• _What this task involves_
Print exactly the line that contains "Tekst: La nouvelle", then every following line through the end of the material; include nothing else and no pictures.

• _Data excerpts_
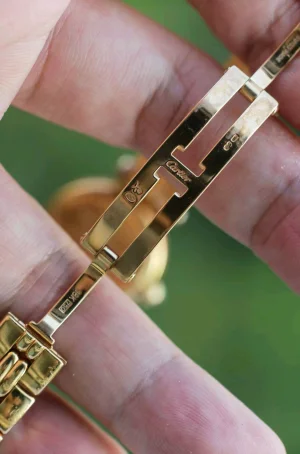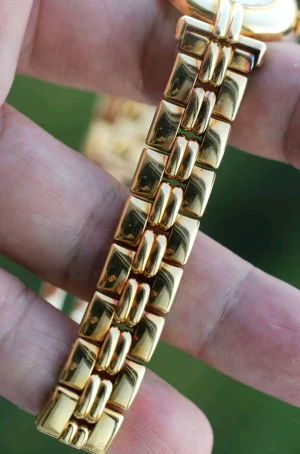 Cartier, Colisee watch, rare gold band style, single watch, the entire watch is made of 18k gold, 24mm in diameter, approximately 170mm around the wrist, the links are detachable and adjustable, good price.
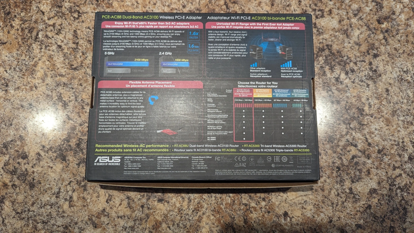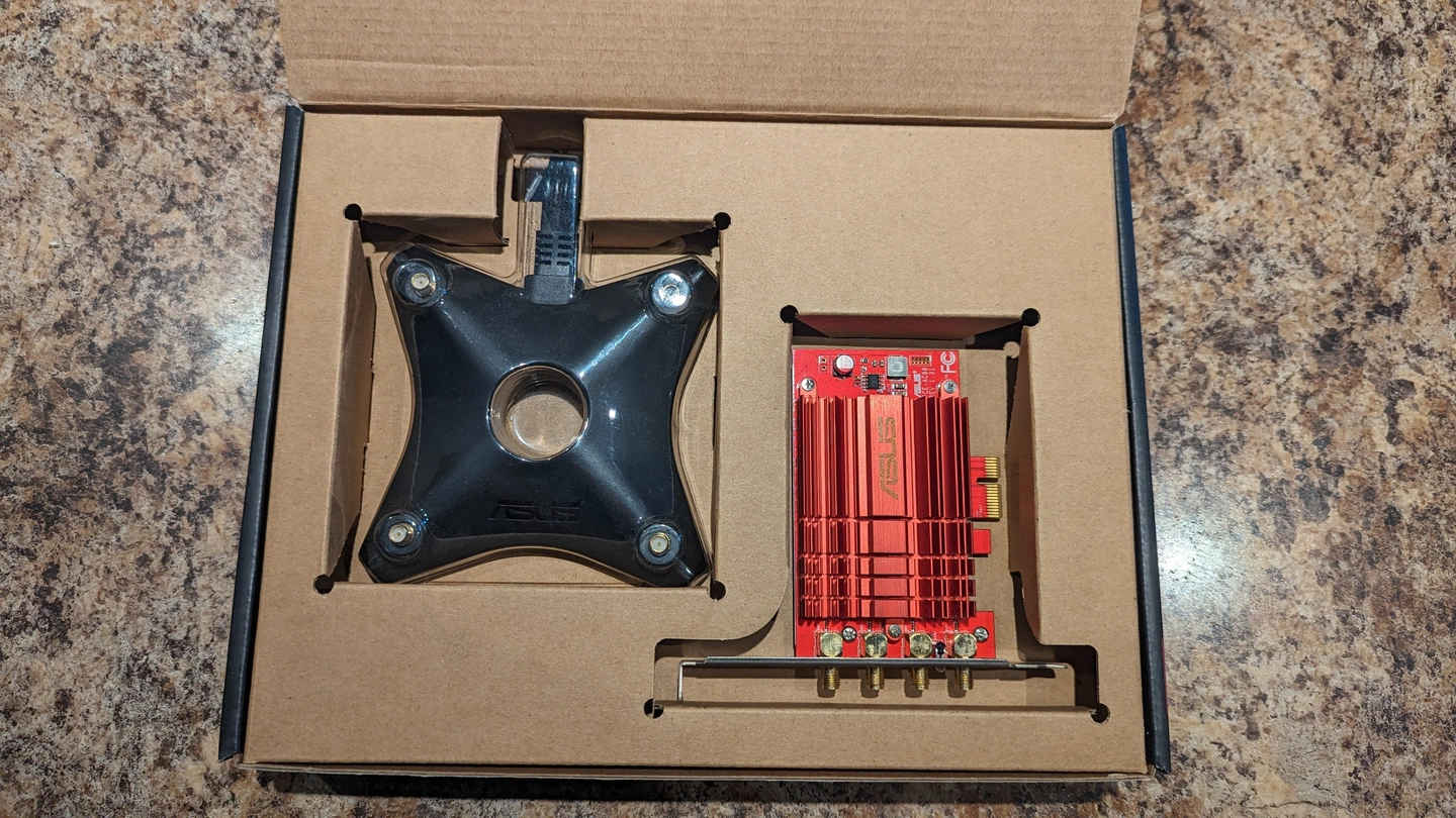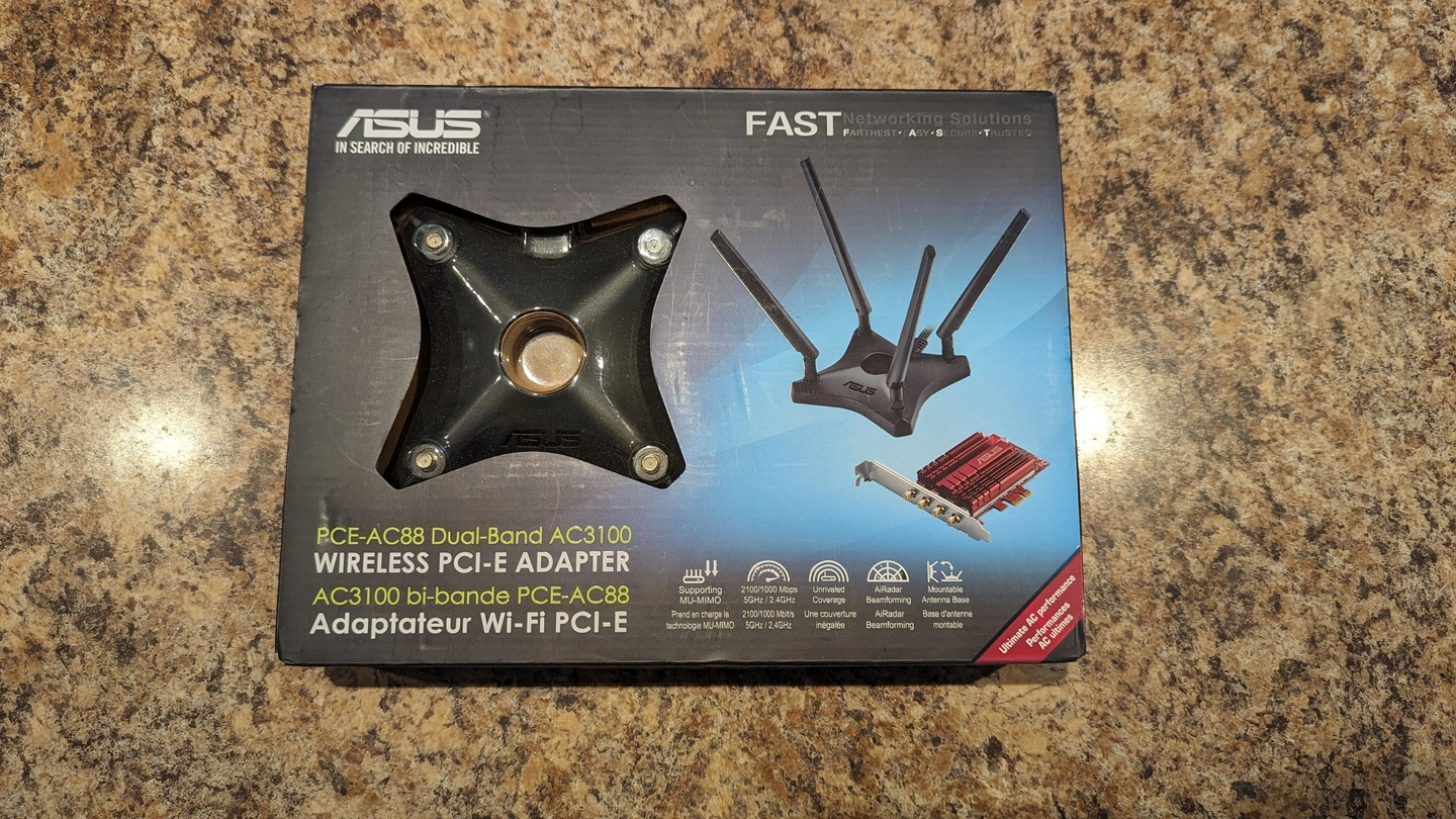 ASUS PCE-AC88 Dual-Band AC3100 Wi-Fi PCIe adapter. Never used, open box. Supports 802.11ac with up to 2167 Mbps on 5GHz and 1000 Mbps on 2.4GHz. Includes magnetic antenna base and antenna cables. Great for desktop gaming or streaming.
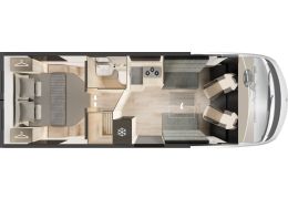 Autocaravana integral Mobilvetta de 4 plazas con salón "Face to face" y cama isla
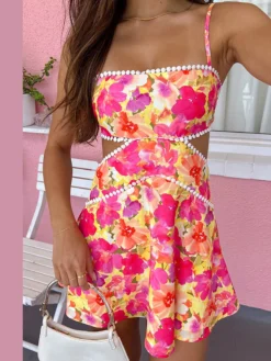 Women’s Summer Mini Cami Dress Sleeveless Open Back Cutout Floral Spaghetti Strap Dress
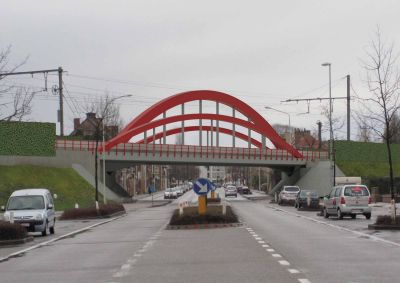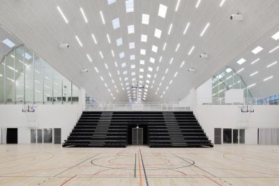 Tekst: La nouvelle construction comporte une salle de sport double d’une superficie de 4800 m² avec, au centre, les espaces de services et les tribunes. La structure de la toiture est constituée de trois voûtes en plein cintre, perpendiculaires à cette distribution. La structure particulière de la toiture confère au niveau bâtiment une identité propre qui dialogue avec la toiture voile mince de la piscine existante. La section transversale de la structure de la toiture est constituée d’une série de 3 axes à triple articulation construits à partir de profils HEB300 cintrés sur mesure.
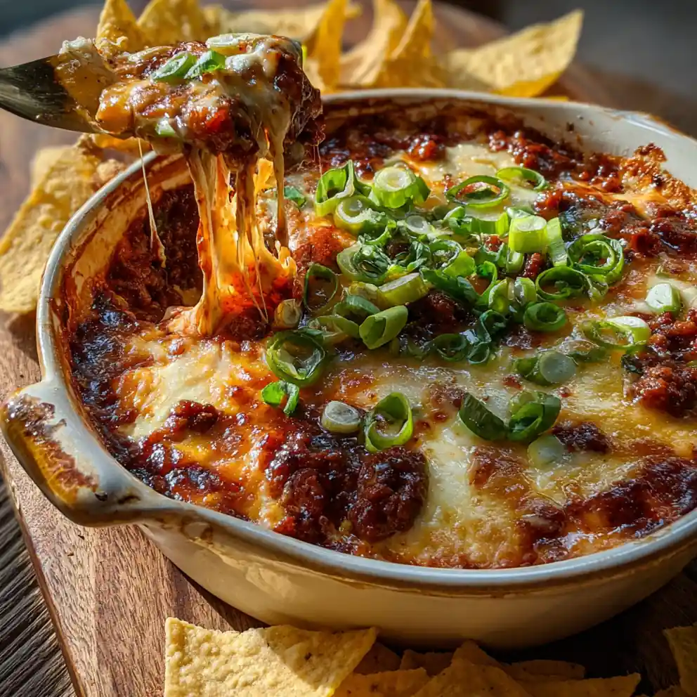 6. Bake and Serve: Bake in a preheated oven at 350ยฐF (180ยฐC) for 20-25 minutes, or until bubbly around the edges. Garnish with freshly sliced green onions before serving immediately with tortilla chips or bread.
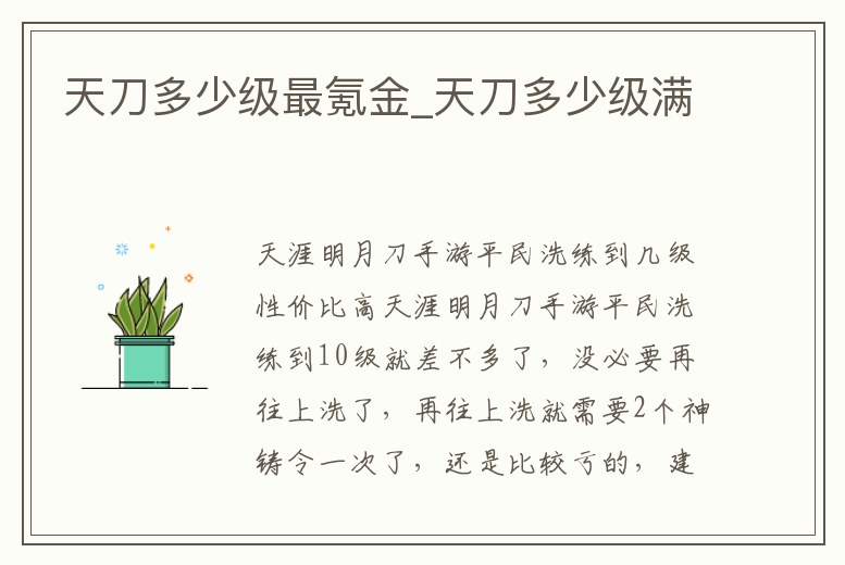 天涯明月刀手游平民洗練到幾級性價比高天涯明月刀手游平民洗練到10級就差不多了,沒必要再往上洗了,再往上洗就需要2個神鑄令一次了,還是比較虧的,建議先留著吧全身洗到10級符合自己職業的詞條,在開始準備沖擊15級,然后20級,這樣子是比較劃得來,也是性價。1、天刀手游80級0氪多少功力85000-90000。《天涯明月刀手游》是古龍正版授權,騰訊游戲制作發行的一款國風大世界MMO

• _Exercise response_
 Tekst: La nouvelle construction comporte une salle de sport double d’une superficie de 4800 m² avec, au centre, les espaces de services et les tribunes. La structure de la toiture est constituée de trois voûtes en plein cintre, perpendiculaires à cette distribution. La structure particulière de la toiture confère au niveau bâtiment une identité propre qui dialogue avec la toiture voile mince de la piscine existante. La section transversale de la structure de la toiture est constituée d’une série de 3 axes à triple articulation construits à partir de profils HEB300 cintrés sur mesure.
 6. Bake and Serve: Bake in a preheated oven at 350ยฐF (180ยฐC) for 20-25 minutes, or until bubbly around the edges. Garnish with freshly sliced green onions before serving immediately with tortilla chips or bread.
 天涯明月刀手游平民洗練到幾級性價比高天涯明月刀手游平民洗練到10級就差不多了,沒必要再往上洗了,再往上洗就需要2個神鑄令一次了,還是比較虧的,建議先留著吧全身洗到10級符合自己職業的詞條,在開始準備沖擊15級,然后20級,這樣子是比較劃得來,也是性價。1、天刀手游80級0氪多少功力85000-90000。《天涯明月刀手游》是古龍正版授權,騰訊游戲制作發行的一款國風大世界MMO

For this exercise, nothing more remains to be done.